## DATASET CONTENT

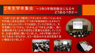 2年生学年集会 ~3年0学期受験生になる今 どうあるべきか~
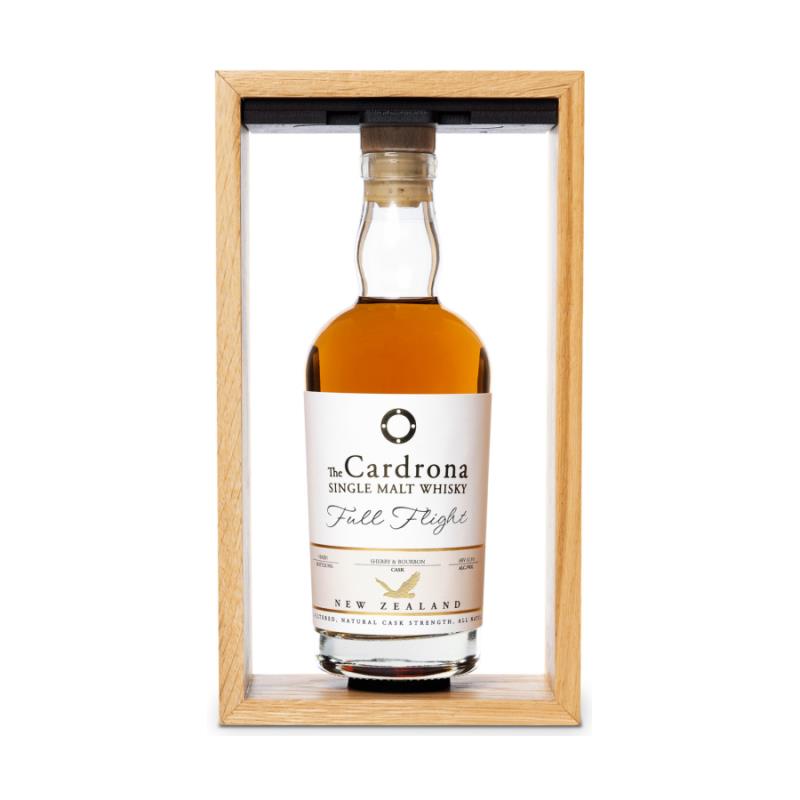 Full Flight is the final expression of The Cardrona Single Malt Whisky coming of age. Aged for seven years in a marriage of specially selected ex-Oloroso Sherry butts and ex-Bourbon barrels, Full Flight is decadently rich and delivered at natural cask strength. Dark fruits on the nose, and sticky treacle in the mouth. Opens with water.
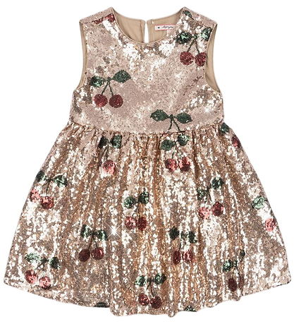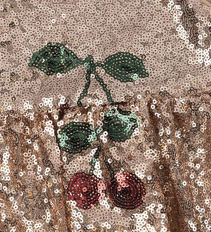 Ravissante robe Konges Sløjd ornée d'un superbe motif à paillettes roses. Robe magnifique motif cerises aux tons rouges et verts met en valeur le fond doré. Sans manches, elle présente une tour.
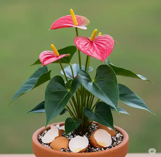 Eggshells can help neutralize overly acidic soil, bringing it closer to the slightly acidic-to-neutral range that anthuriums prefer. - Natural Pest Deterrent

## WHAT YOU SHOULD DO
The lines above should be transcribed exactly, with every image removed.

## RESPONSE AREA
 2年生学年集会 ~3年0学期受験生になる今 どうあるべきか~
 Full Flight is the final expression of The Cardrona Single Malt Whisky coming of age. Aged for seven years in a marriage of specially selected ex-Oloroso Sherry butts and ex-Bourbon barrels, Full Flight is decadently rich and delivered at natural cask strength. Dark fruits on the nose, and sticky treacle in the mouth. Opens with water.
 Ravissante robe Konges Sløjd ornée d'un superbe motif à paillettes roses. Robe magnifique motif cerises aux tons rouges et verts met en valeur le fond doré. Sans manches, elle présente une tour.
 Eggshells can help neutralize overly acidic soil, bringing it closer to the slightly acidic-to-neutral range that anthuriums prefer. - Natural Pest Deterrent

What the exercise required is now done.